▸ **Work item**:
Although the listing contains pictures, reproduce only its text, exactly as written.

------

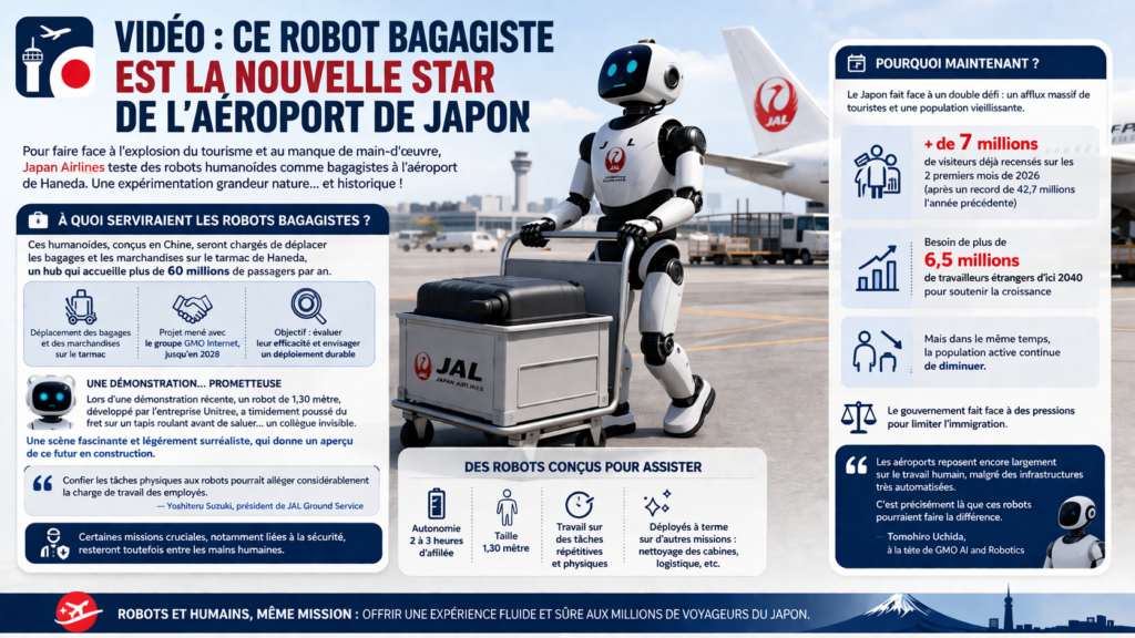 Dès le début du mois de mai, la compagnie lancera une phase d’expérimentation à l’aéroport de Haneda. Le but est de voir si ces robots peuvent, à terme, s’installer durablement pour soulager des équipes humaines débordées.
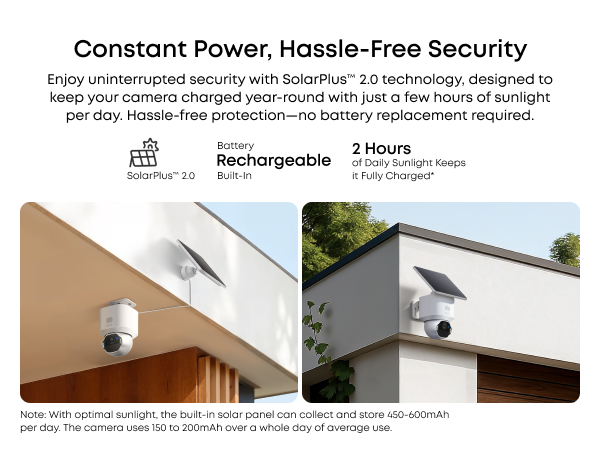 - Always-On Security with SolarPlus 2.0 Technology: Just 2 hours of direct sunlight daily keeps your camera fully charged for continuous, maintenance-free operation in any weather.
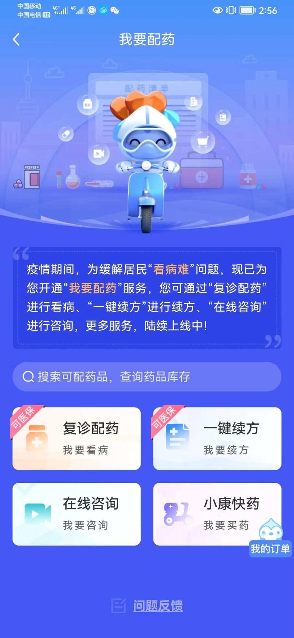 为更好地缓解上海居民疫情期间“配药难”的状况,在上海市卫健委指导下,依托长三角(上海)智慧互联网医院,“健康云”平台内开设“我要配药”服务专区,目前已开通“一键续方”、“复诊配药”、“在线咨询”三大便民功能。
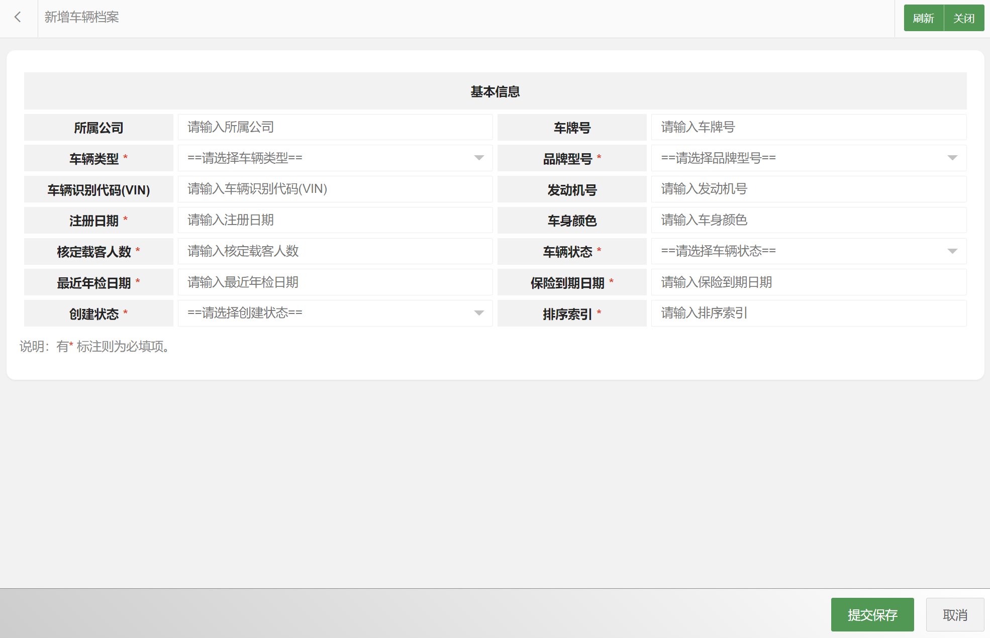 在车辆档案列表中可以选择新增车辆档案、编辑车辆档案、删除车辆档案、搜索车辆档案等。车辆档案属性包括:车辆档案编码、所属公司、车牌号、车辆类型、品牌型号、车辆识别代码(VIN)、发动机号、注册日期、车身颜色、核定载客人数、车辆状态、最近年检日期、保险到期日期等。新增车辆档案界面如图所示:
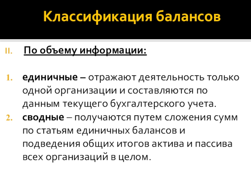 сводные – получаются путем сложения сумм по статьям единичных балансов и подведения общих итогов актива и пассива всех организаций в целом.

------

▸ **Solved exercise**:
 Dès le début du mois de mai, la compagnie lancera une phase d’expérimentation à l’aéroport de Haneda. Le but est de voir si ces robots peuvent, à terme, s’installer durablement pour soulager des équipes humaines débordées.
 - Always-On Security with SolarPlus 2.0 Technology: Just 2 hours of direct sunlight daily keeps your camera fully charged for continuous, maintenance-free operation in any weather.
 为更好地缓解上海居民疫情期间“配药难”的状况,在上海市卫健委指导下,依托长三角(上海)智慧互联网医院,“健康云”平台内开设“我要配药”服务专区,目前已开通“一键续方”、“复诊配药”、“在线咨询”三大便民功能。
 在车辆档案列表中可以选择新增车辆档案、编辑车辆档案、删除车辆档案、搜索车辆档案等。车辆档案属性包括:车辆档案编码、所属公司、车牌号、车辆类型、品牌型号、车辆识别代码(VIN)、发动机号、注册日期、车身颜色、核定载客人数、车辆状态、最近年检日期、保险到期日期等。新增车辆档案界面如图所示:
 сводные – получаются путем сложения сумм по статьям единичных балансов и подведения общих итогов актива и пассива всех организаций в целом.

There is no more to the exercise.